Per la cronaca, It Was Beautiful non è stato il festival di lacrime che mi aspettavo inizialmente. Non fraintendetemi, fa uno sforzo per affrontare alcune questioni abbastanza sentimentali, tra cui malattie terminali, destini ineluttabili e i desideri morenti di estranei. Cattura molti di questi aspetti con estrema cura e compassione, certo, ma manca il bersaglio in alcuni aspetti del design. Prendi il protagonista, ad esempio. Con tutto il rispetto, gli sviluppatori non avrebbero potuto scegliere un peggiore e, onestamente, un pesce che è universalmente odiato per essere il protagonista del gioco: un pesce angler con denti affilati e un bulbo pendente, per giunta. Funziona, dato l’ambientazione del gioco – un’ambientazione che ruota in gran parte attorno alle acque più buie del mare e ai pesci che le popolano – ma è difficile che sia una lettera d’amore per Finding Nemo.

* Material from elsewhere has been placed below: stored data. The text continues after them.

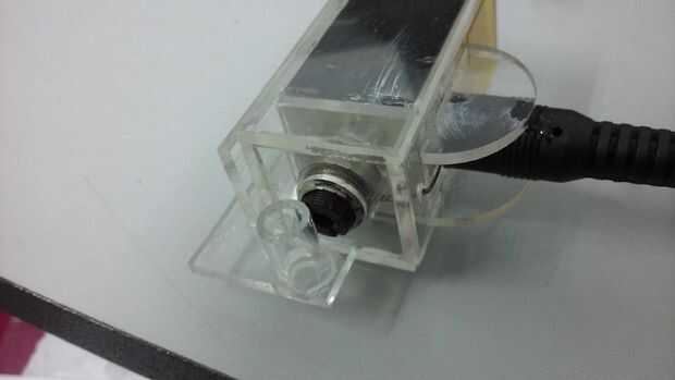 Por lo tanto, medí las dimensiones necesitadas. Tuve la suerte suficiente tener acceso a un cortador láser, que hace el trabajo más fácil y más limpio. Aunque esto podría lograrse por método de corte y pegamento con un montón de ajustes y ajustes para conseguir la alineación correcta. Láser corte las dimensiones en una hoja de acrílico gruesa 2mm. Luego había pegado encima y probado.
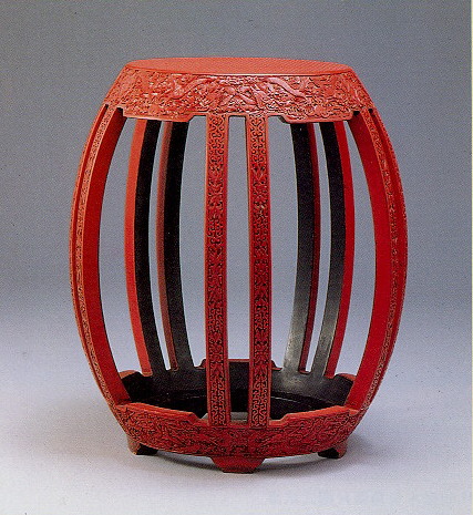 坐 墩 又 名 ? 墩 , 因 常 在 墩 上 常 覆 蓋 錦 織 ? 物 的 墊 子 而 得 名 , 另 一 方 面 , 其 形 似 鼓 , 故 也 稱 為 鼓 墩 。 可 置 於 室 內 戶 外 。 本 件 是 雕 漆 , 內 裡 黑 漆 塗 布 , 顯 然 是 室 內 使 用 的 。 造 形 簡 潔 , 上 下 對 稱 ; 共 有 十 根 彎 條 組 成 彭 壁 , 直 欞 開 光 。 其 表 面 朱 漆 精 雕 有 雲 龍 紋 , 尤 其 坐 面 錦 地 雕 漆 , 刀 法 工 整 , 精 緻 平 直 , 是 清 代 雕 漆 的 特 色 。
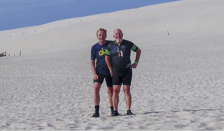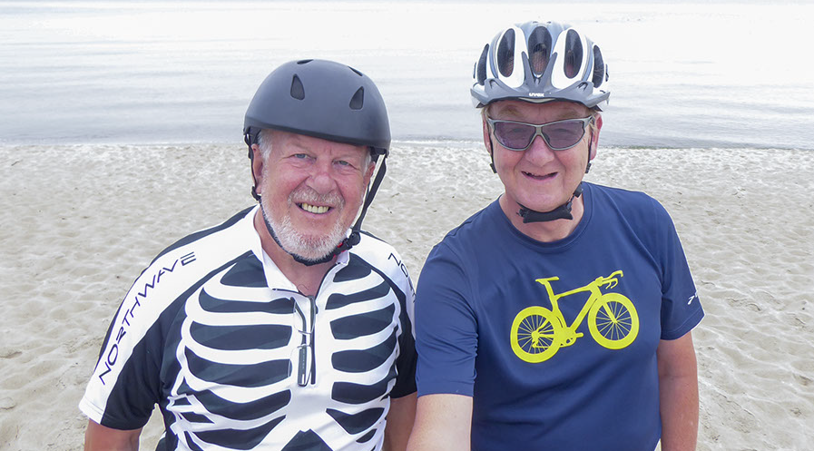 Zwei radler am einsamen Strand auf Hel
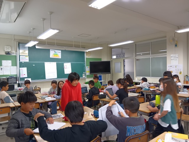 6年生は、外国語「My Best Memory ~小学校生活の一番の思い出を伝え合おう」で、発表するための準備をしていました。隣のクラスは社会で授業の終盤にカフートーで楽しく歴史用語を覚えていました。
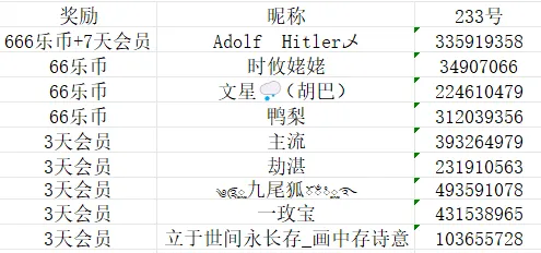 由于正确回复不足开奖,奖励减少,恭喜以下逆行者获奖
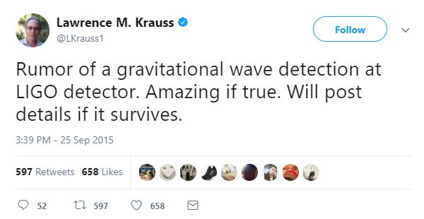 2015年9月25日,亚利桑那州立大学的物理学家克劳斯1教授在社交媒体推特(twitter)上冷不丁地发出一条消息,说有传言LIGO已经探测到引力波,如果确实的话会很惊人。克劳斯是著名的科普作家,他在推特上拥有近49万粉丝。
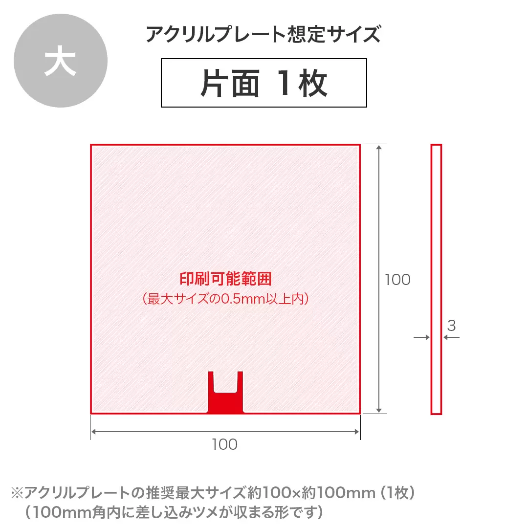 オリジナル アクリルスタンドクリップは、自由な形状・サイズで制作いただけるオリジナルグッズですが、アクリルスタンドパーツの制作いただける目安のサイズが「大」「小」それぞれに設けられております。小サイズクリップは、前後差込タイプの場合はアクリルスタンドパーツが大きすぎると、スタンドとして使用する際に上部で前後のパーツ同士がぶつかってしまうため、また大サイズはあまりパーツが大きすぎてしまうとバランスが取れず倒れてしまうためです。
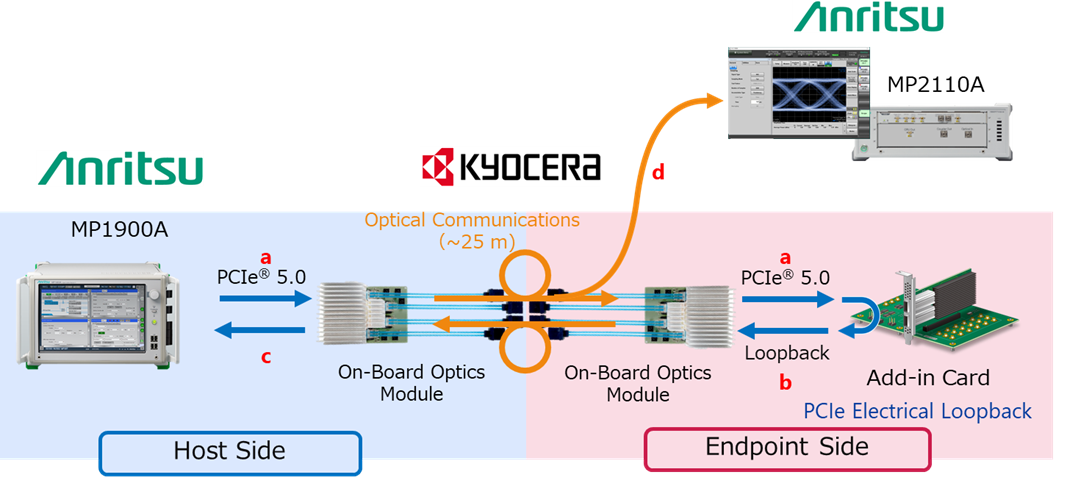 在OFC2023上進行的演示將介紹模擬CPU主機側(cè)的安立MP1900A,和位于與端點AIC的設(shè)備連接處的KYOCERA板載光模塊。下圖中的“a”至“d”解釋如下:
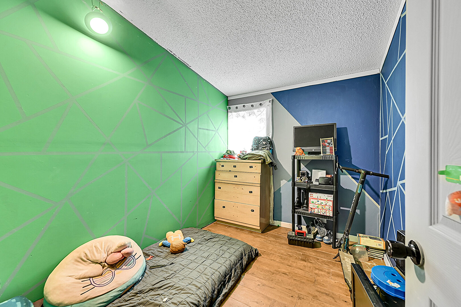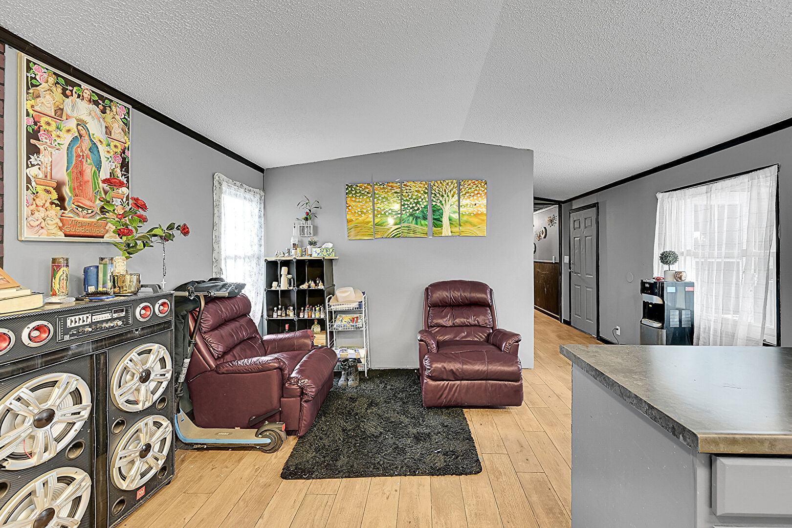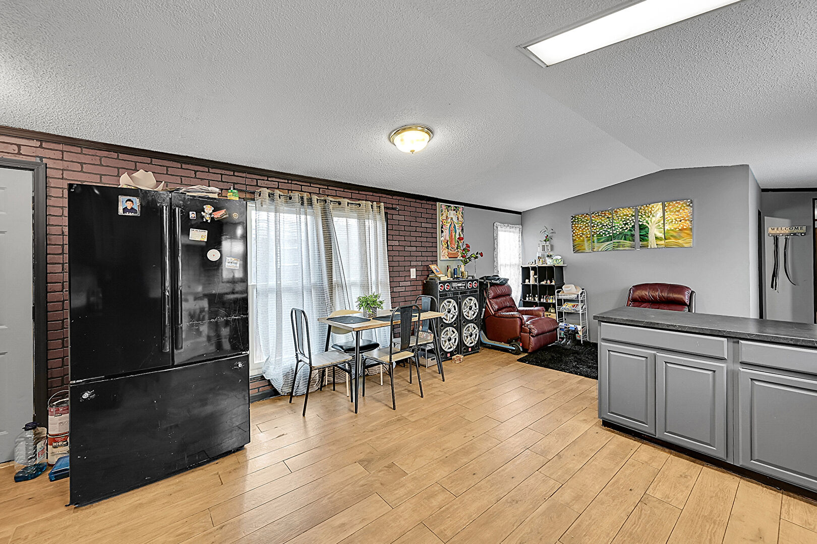 Accent Wall, Baseboards Wall, Natural Light, Textured Ceiling, Wood Finish Floor, Drywall
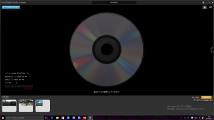 「空のディスクを挿入してください」と表示されるので、ディスクトレイのボタンを押してトレイを開け、ディスクを挿入します。
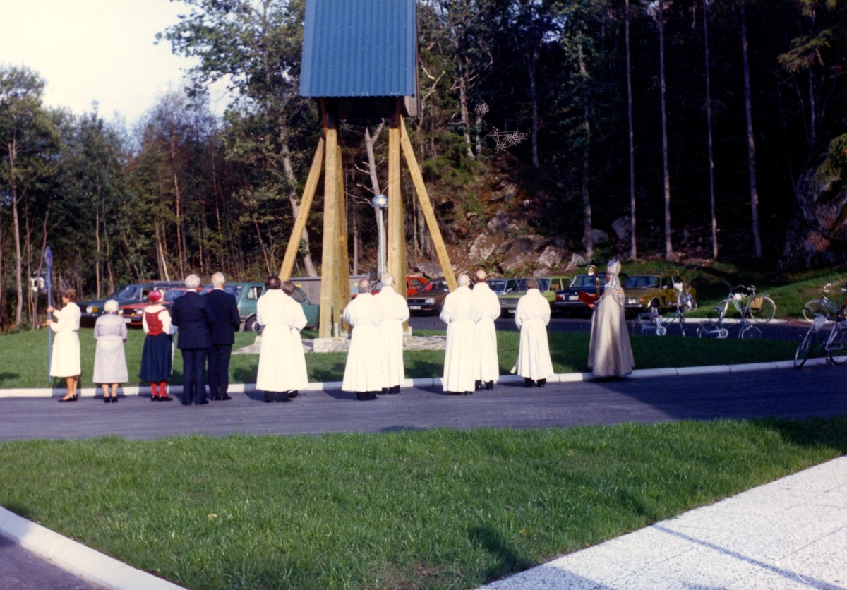 Invigning av Apelgårdens kyrka, Svenska kyrkan, 1982. Biskop Bertil Gärdtner, flera präster och övriga står framför klockstapeln.
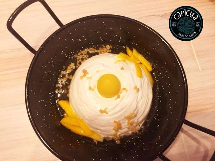La carta, renovada al completo, incluye un apartado delicioso a los postres que siempre son caseros y que son un complemento perfecto para terminar una buena comida o un repaso a las tapas. Entre ellos, se puede encontrar desde una típica torrija al blondie con helado de oreo (que es una versión del brownie pero con chocolate blanco), la rica tarta de queso curado de "El Bucarito" o el misterioso huevo hecho a base de mango y cremoso yogur griego.
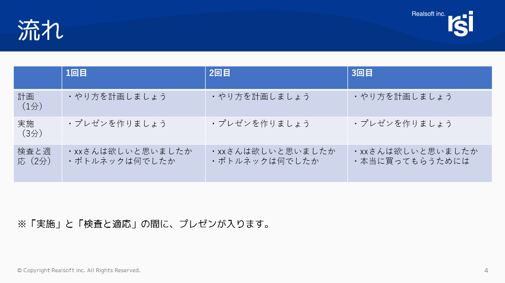 それに対して計画・実施・検査と適応というサイクルを回しながら複数回プレゼンを行うというワークです。

Sul lato opposto dell’eroe del gioco piuttosto discutibile, gli effetti visivi sono sorprendentemente buoni qui. Bene, dico che sono buoni come se stessi affermando apertamente che sono al di là dei confini di un’avventura indie, quando in realtà sono un po’ più minimalisti rispetto ai titoli oceanici più comuni. In altre parole, non è sulla stessa scala nautica di, diciamo, Subnautica – quindi se è questo che stai cercando, non aspettarti di scoprire dettagli intricati o flora ipnotizzante qui. Tuttavia, rende chiaro fin dall’inizio che questo non è un capolavoro visivo di pezzi mobili e acquerelli, ma piuttosto, una storia – una storia che, sebbene limitata dalle sue dimensioni e complessità, ha un messaggio che vuole condividere con te. E credo che riesca a trasmettere quel messaggio in modo incredibile – anche con il suo eroe dai denti affilati che si trova al centro dell’attenzione.
Verdetto

It Was Beautiful è un affare indie breve ma sorprendentemente pulito e ben orchestrato che fa uno sforzo consapevole per estrarre alcune emozioni dai suoi giocatori con una narrazione toccante e una morale significativa relativa all’importanza di essere in grado di realizzare i propri sogni nel tempo che si ha sulla Terra, sia esso umano, una pianta o un pesce angler nelle profondità più buie dell’oceano. C’è molto peso in questo senso, e quindi, se sei un appassionato di storie tristi con scenari plausibili e l’occasionale marea di emozione, allora c’è una buona possibilità che ti piacerà portare questo particolare pesce angler a nuotare per un’ora o più. Non è quasi sulla stessa lunghezza d’onda di Journey, ammetto, ma vale sicuramente la pena controllare se stai attivamente cercando di raschiare il barile per un tuffo nell’abisso.
Era Bella Recensione (PC)
Non Il Solito Abitante Del Fondo
It Was Beautiful prende l'iniziativa di tirare le corde del tuo cuore con un messaggio semplice ma sorprendentemente sincero sulla malattia, l'amore e, soprattutto, l'accettazione. È un gioco semplice, e non sempre colpisce i punti giusti, ma per un'avventura indie, si classifica sicuramente come una delle storie più memorabili nell'acquario.